◆ **How to complete this task**
Retype the data below exactly; skip every image.
--- Given data Enclosed Below ---
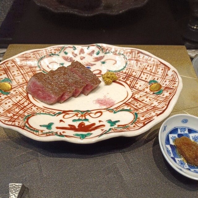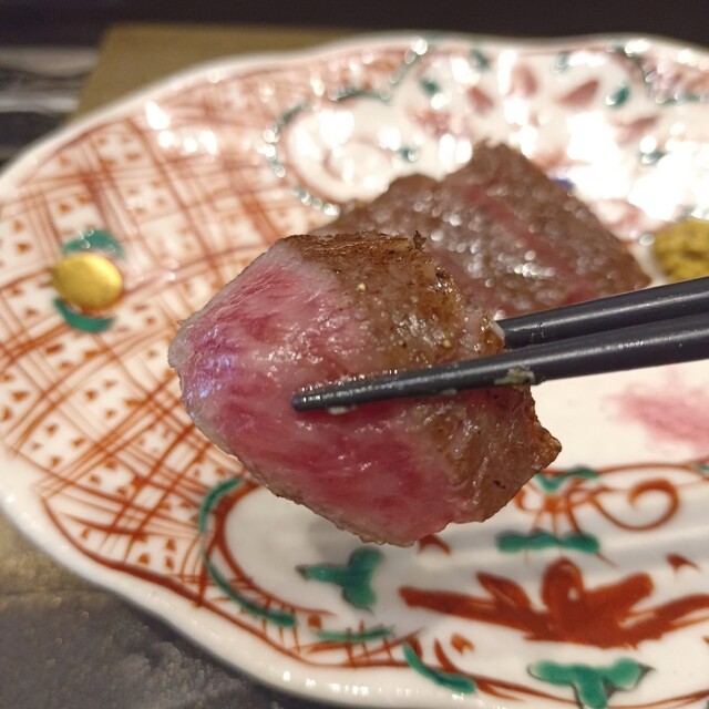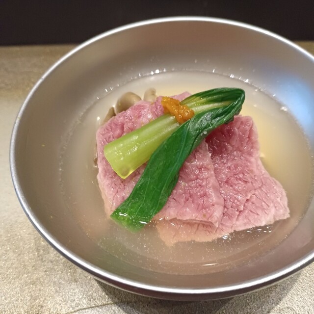 次は牛のフカヒレの握り。シャリは赤酢主体。
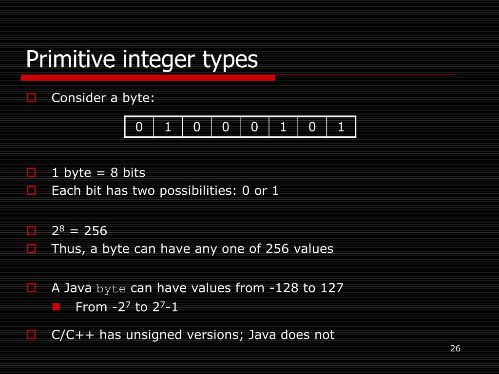 Primitive integer types • Consider a byte: • 1 byte = 8 bits • Each bit has two possibilities: 0 or 1 • 28 = 256 • Thus, a byte can have any one of 256 values • A Java byte can have values from -128 to 127 • From -27 to 27-1 • C/C++ has unsigned versions; Java does not
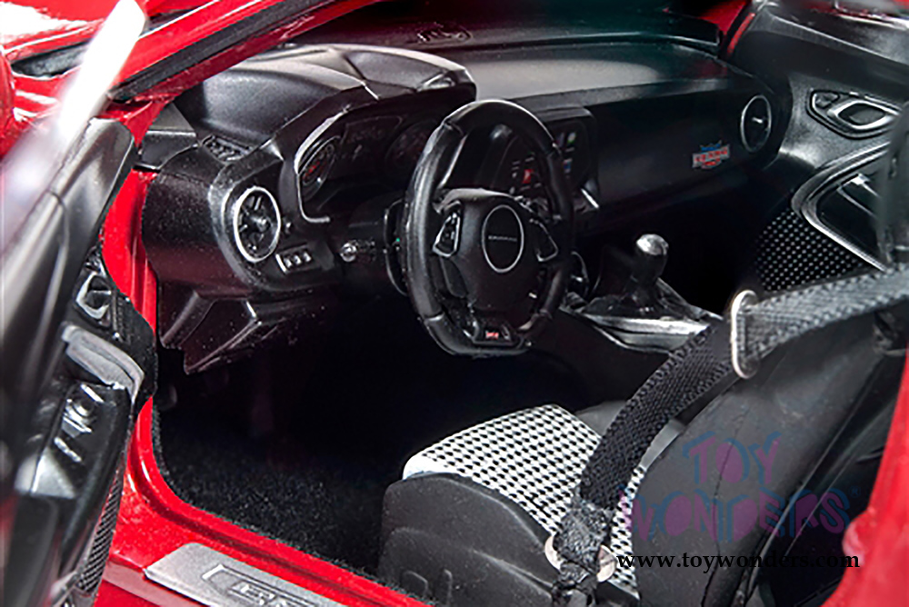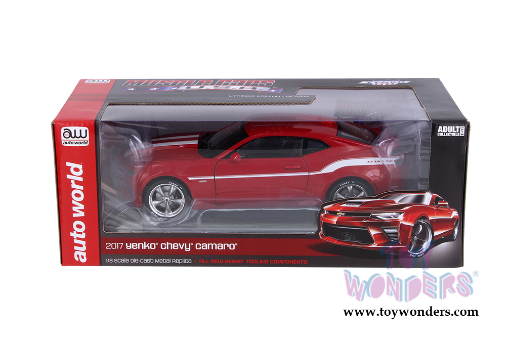 AW246 Auto World - Muscle Cars USA | 2017 Yenko® Chevy® Camaro® Hardtop. 1:18 scale diecast collectible model car. This Chevrolet Camaro is a 10"L x 4"W x 3"H diecast metal car with openable hood, doors and trunk, steerable front wheels. Featuring an accurate interior, chassis, trunk and detailed engine. This 2017 Chevy Camaro is manufactured by Auto World. Individually packed in a window box. Box size: 13.25"L x 6.1"W x 5"H. AW246 is in RED color with white stripes. GM is a trademark of the General Motors Corporation.
--- End of Enclosed Given data ---
◆ **Reply to the task**
 次は牛のフカヒレの握り。シャリは赤酢主体。
 Primitive integer types • Consider a byte: • 1 byte = 8 bits • Each bit has two possibilities: 0 or 1 • 28 = 256 • Thus, a byte can have any one of 256 values • A Java byte can have values from -128 to 127 • From -27 to 27-1 • C/C++ has unsigned versions; Java does not
 AW246 Auto World - Muscle Cars USA | 2017 Yenko® Chevy® Camaro® Hardtop. 1:18 scale diecast collectible model car. This Chevrolet Camaro is a 10"L x 4"W x 3"H diecast metal car with openable hood, doors and trunk, steerable front wheels. Featuring an accurate interior, chassis, trunk and detailed engine. This 2017 Chevy Camaro is manufactured by Auto World. Individually packed in a window box. Box size: 13.25"L x 6.1"W x 5"H. AW246 is in RED color with white stripes. GM is a trademark of the General Motors Corporation.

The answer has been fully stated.